Thursday, December 22, 2011

holy fear.

how many times in the past few months have i sat alone in my room and told God, "i dont understand."

it isn't supposed to be confusing. i've decided this: i am not supposed to understand. i am a very, very, very little person on a very big planet. to God i'm probably just like the speck on 'horton hears a who'. i am not supposed to understand or question or be confused. i can take comfort in this... i am not alone. i'm safe. and whatever happens, is all part of a plan.

you can trust Jesus because you will never understand Him. it is the pursuit of Someone much greater than you can ever imagine that produces holy fear; reverence and awe of a Being that swallows everything in His path.
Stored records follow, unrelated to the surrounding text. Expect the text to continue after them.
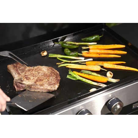 Grâce à ses deux zones de chauffe indépendantes, cette plancha permet de cuire différents aliments à des températures variées en simultané. Sa puissance assure une saisie rapide des viandes tout en conservant le moelleux, tandis que la plaque en fonte émaillée garantit une diffusion uniforme de la chaleur.
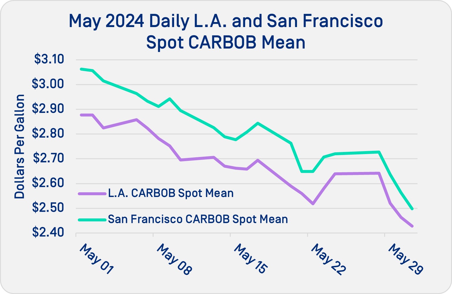 At the beginning of May, Los Angeles CARBOB was pricing around $2.825 per gallon, with San Francisco at $3.015 per gallon, OPIS spot market data shows. But by the end of the month, L.A. gasoline was almost 40 cents cheaper at $2.4275 per gallon with San Francisco more than 50 cents cheaper ending the month at $2.4975 per gallon.
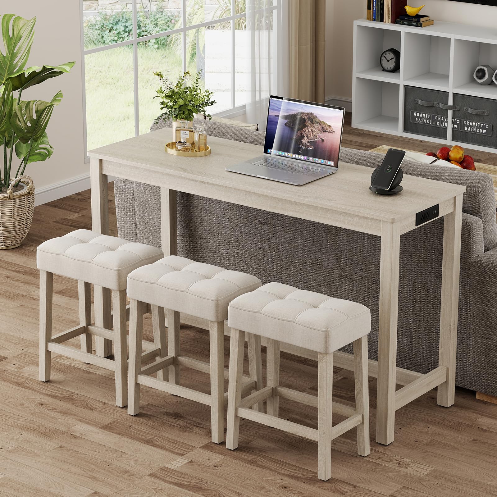 Featuring a built-in power strip with AC outlets and USB ports, it keeps all your devices powered up without clutter. Crafted from premium rubber wood and enduring materials, this dinner set is built to support heavy use—each ultra-comfy stool holds up to 415 lbs and features plush, tufted cushions for superior relaxation. Its rustic wood grain finish brings cozy farmhouse flair to any space, while the space-saving stools being stored under the dining table for a clutter-free look. Perfect for apartments, breakfast nooks, or compact dining areas—this dining table set combines modern charging solutions and timeless style in one irresistible package! Transform your home with smart design and cozy charm today!
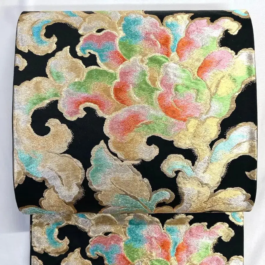 후쿠로 오비 당화 금실 컬러풀 블랙 베이스 기모노 오비 020k
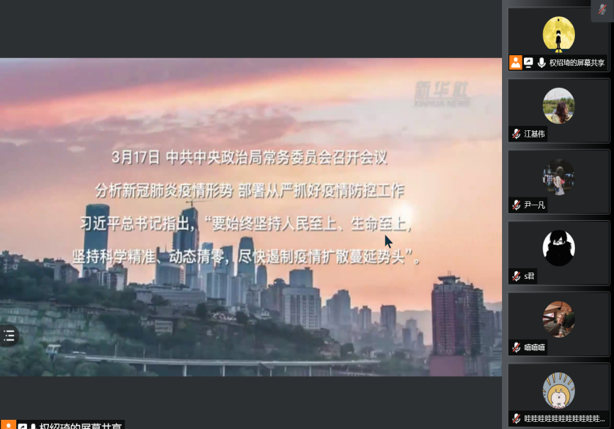 研究生第一党支部于4月13日下午集体进行《“始终坚持人民至上、生命至上”——习近平总书记指挥打好统筹疫情防控和经济社会发展之战述评》的线上学习。
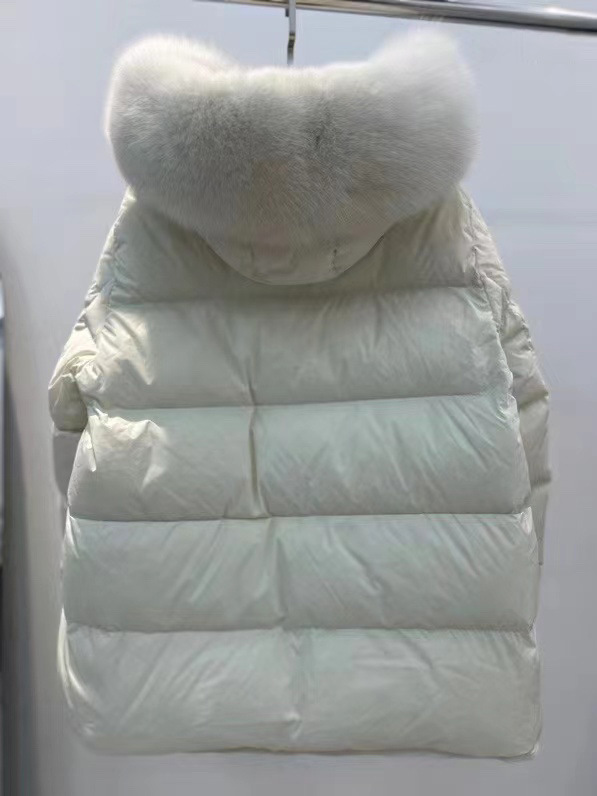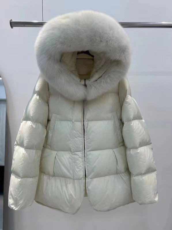 2024 겨울 유럽 역 폭스 모피 칼라 A 자형 케이프 화이트 덕 아래로 슬리밍 후드 짧은 다운 재킷 여성 패션
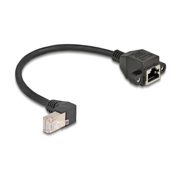"DeLOCK Network Extension Cable S/FTP RJ45 plug 90° angled to RJ45 built-in jack Cat.6A 0.25 m black. Cable length: 0.25 m, Cable standard: Cat6a, Cable shielding: S/FTP (S-STP), Connector 1: RJ-45, Connector 2: RJ-45, Product colour: Black"\n"This network cable by Delock can be used to extend and connect various devices. The screwable RJ45 jack can be attached, for e.g., to a slot bracket or a housing with a suitable cut-out.
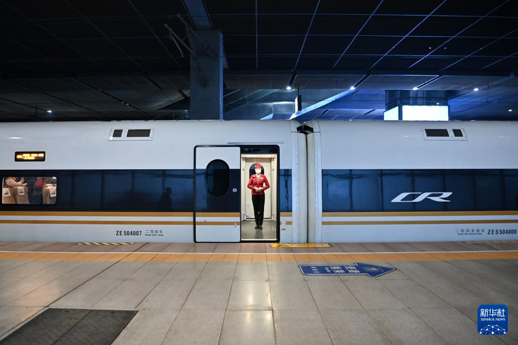 12月18日,G8842次列车停靠在天津西站准备发车。新华社记者 李然 摄
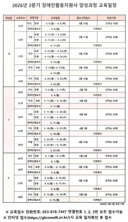 ※ 2026년 장애인활동지원사 양성교육 접수시 유의사항:
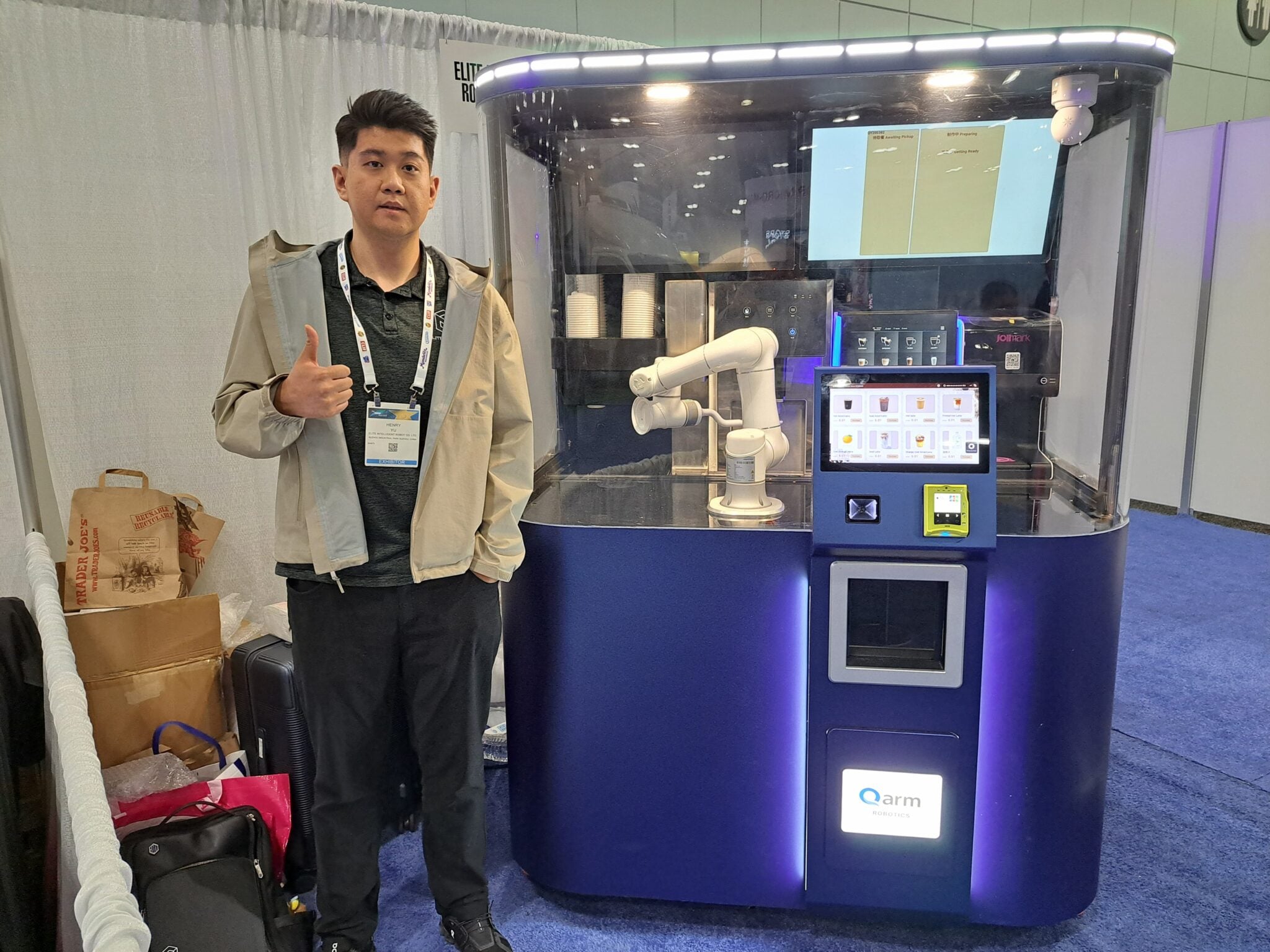 - Henry Yu demonstrates the RoboticBarista at the Elite Robots exhibit.
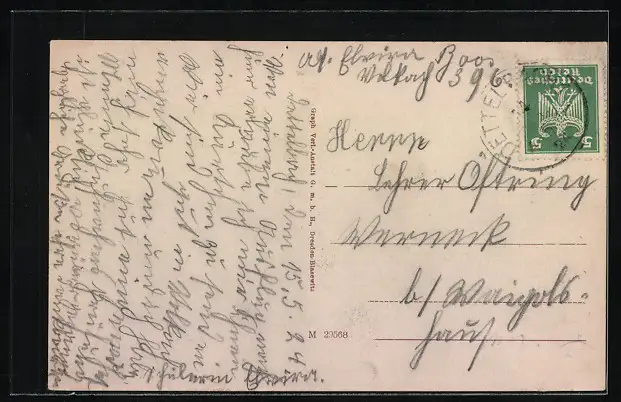 gelaufen 1924, Stecknadelloch oben mittig, guter Zustand
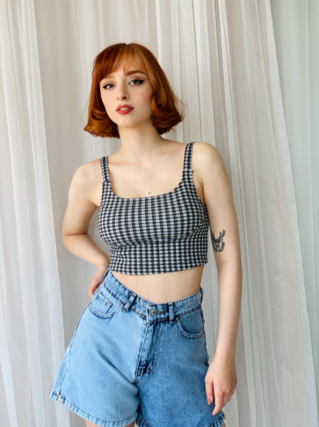 Crop top modelleri oldukça şık ve farklı modellerden oluşmaktadır. Hemen galerimize baktığımızda gördüğümüz gibi farklı renklerin bir birleşmesidir diyebiliriz. Görsellerimizde pötikare desenli crop top modeli hemen dikkatimizi çekmektedir. Bu crop top modeli U şeklindeki yakası ile oldukça şık bir görüntü sağlamaktadır. Göğüs kısmına baktığımızda ise kendinden sutyenli olduğundan dolayı sutyen olarak sorun yaşamazsınız. Ancak yine de özel destekli sutyenlere ihtiyaç duyuyorsanız o zaman straplez sutyen modelleri tercih edebilirsiniz. Görselimizdeki manken bu crop modeli ile kot şortu kombinlemiştir. Eğer kot şort kullanmak istemiyorsanız siyah deri etek modelleri gibi modelleri tercih edebilirsiniz.
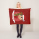 Throw blanket with an illustration of a cute smiling happy toddler boy, he is wearing red and white Santa Claus costume and holding a present; with editable text template for your name or message, Christmas holidays design with a red background

you can find peace and rest in the fact that this overwhelmingly huge God keeps His gaze trained on you. every single minute, of every hour, of every day. you can find relief from worry and stress because He is in control and you aren't, and you don't have to be, and you never will be.

so, feeling as if you are blind folded and groping for the light switch is all part of the joy of life. it is a free fall into completely trusting the grace of Abba. “i don’t know what i'm doing, but You do.” so you take every day believing that it will work out, you’ll be o.k. someone’s got an eye on you.

“i don’t know who i am, but You do.” the One who designed the shape of your face, the contours of your smile, the small cracking wrinkles around your eyes… He knows what His intention is for you. all you really have to do is get out of bed every morning and try your hardest to fully love and fear Him.

this is incredible. what a gift, to be so small! what a pleasure, to feel so tiny and so safe.